[Collected data — start]

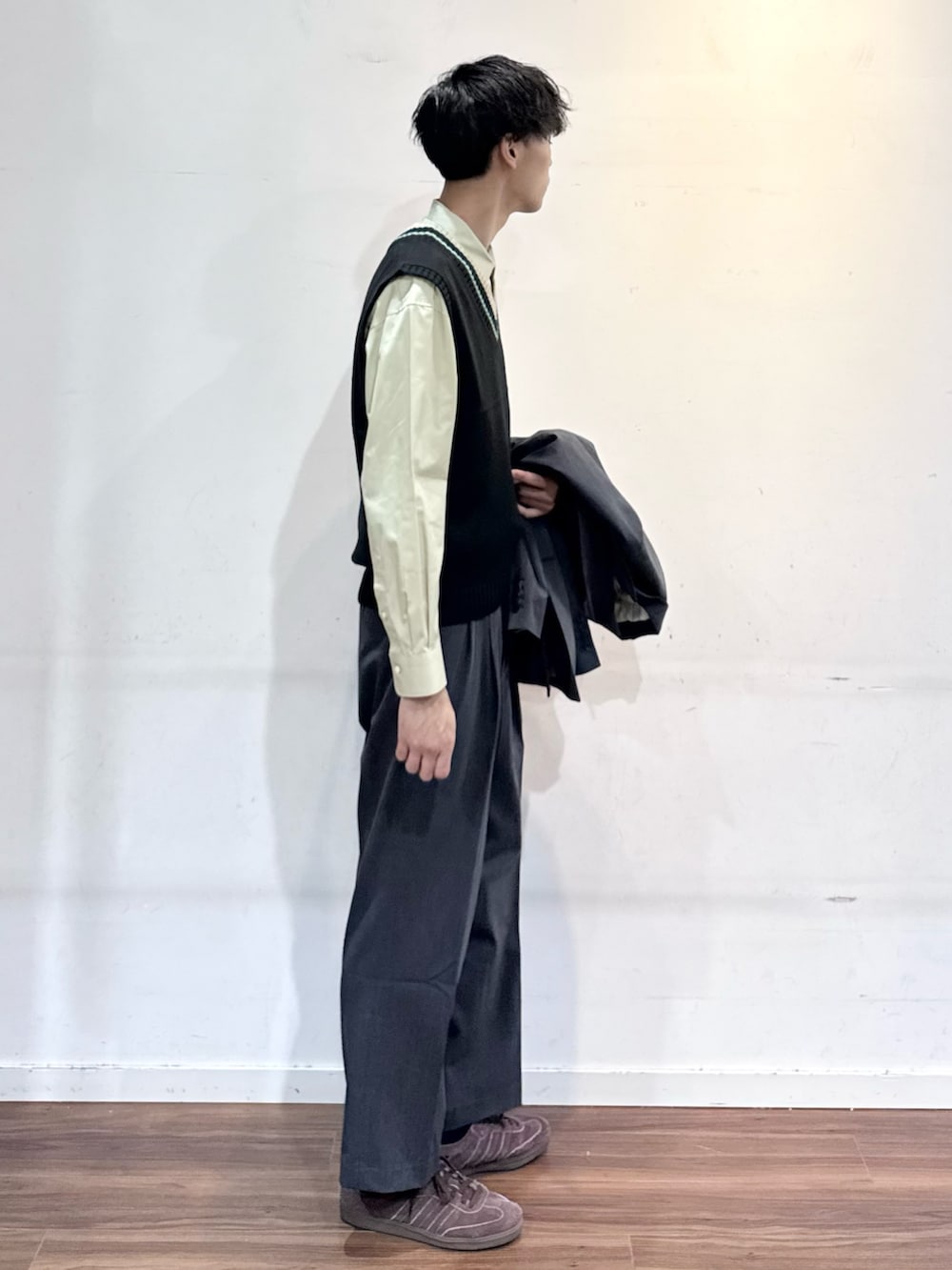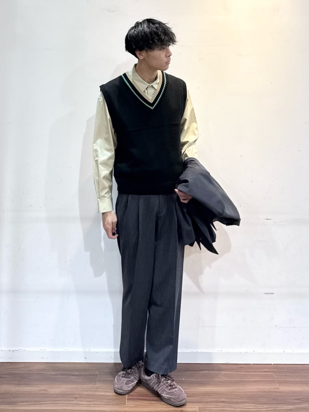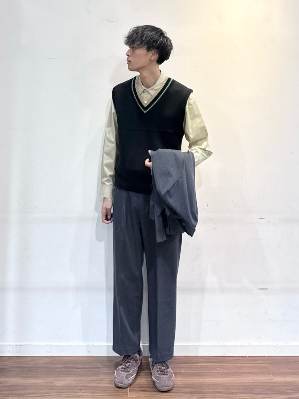 キレイ目に寄せたかったのでTHOMAS MASONのシャツにベストを。
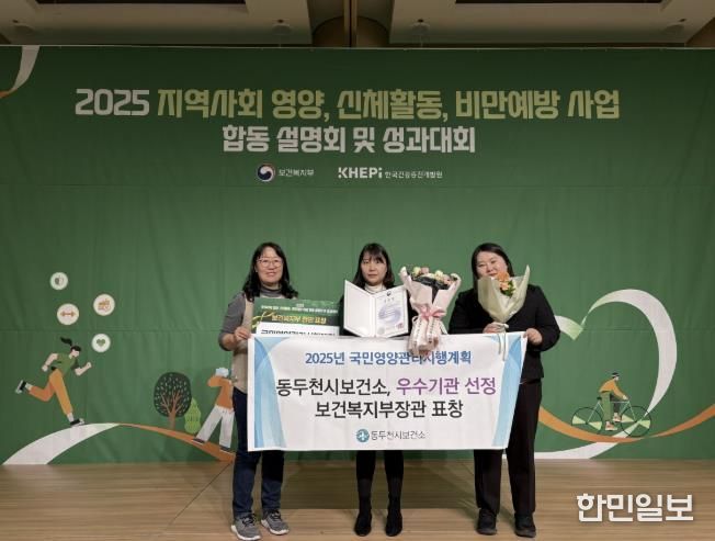 한민일보 서울포커스 임경복 기자 | 동두천시보건소는 지난 2일 열린 지역사회 영양·신체활동·비만예방 사업 합동 성과대회에서 ‘2025년 국민영양관리시행계획 평가’ 우수기관으로 선정돼 보건복지부 장관 표창과 포상금 100만 원을 받았다.
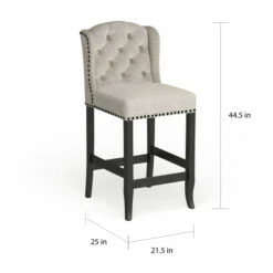 Instantly upgrade your rustic kitchen or dining area with these Tays bar chairs from Furniture of America. The antique black wood frames feature wingback seats, padded with foam, and upholstered with linen-like fabric. Button tufting adds timeless texture, while nail head trim adds a hint of shine to each of the four color options.
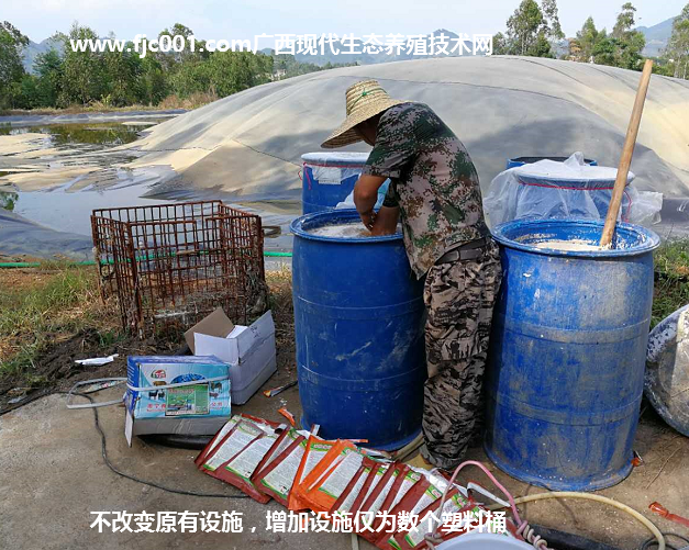 8月初,廣西助農(nóng)畜牧科技有限公司技術(shù)員小蔣應(yīng)急趕往岑溪龍母種豬場(chǎng)與李場(chǎng)長(zhǎng)親手操作污水處理劑激活液開(kāi)始對(duì)污水進(jìn)行處理?。ㄒ韵赂綀D為證)

[Collected data — finish]

— Exercise description —
Without the pictures, transcribe exactly the lines above from the one containing "한민일보 서울포커스 임경복" through the last.

— Exercise answer —
 한민일보 서울포커스 임경복 기자 | 동두천시보건소는 지난 2일 열린 지역사회 영양·신체활동·비만예방 사업 합동 성과대회에서 ‘2025년 국민영양관리시행계획 평가’ 우수기관으로 선정돼 보건복지부 장관 표창과 포상금 100만 원을 받았다.
 Instantly upgrade your rustic kitchen or dining area with these Tays bar chairs from Furniture of America. The antique black wood frames feature wingback seats, padded with foam, and upholstered with linen-like fabric. Button tufting adds timeless texture, while nail head trim adds a hint of shine to each of the four color options.
 8月初,廣西助農(nóng)畜牧科技有限公司技術(shù)員小蔣應(yīng)急趕往岑溪龍母種豬場(chǎng)與李場(chǎng)長(zhǎng)親手操作污水處理劑激活液開(kāi)始對(duì)污水進(jìn)行處理?。ㄒ韵赂綀D為證)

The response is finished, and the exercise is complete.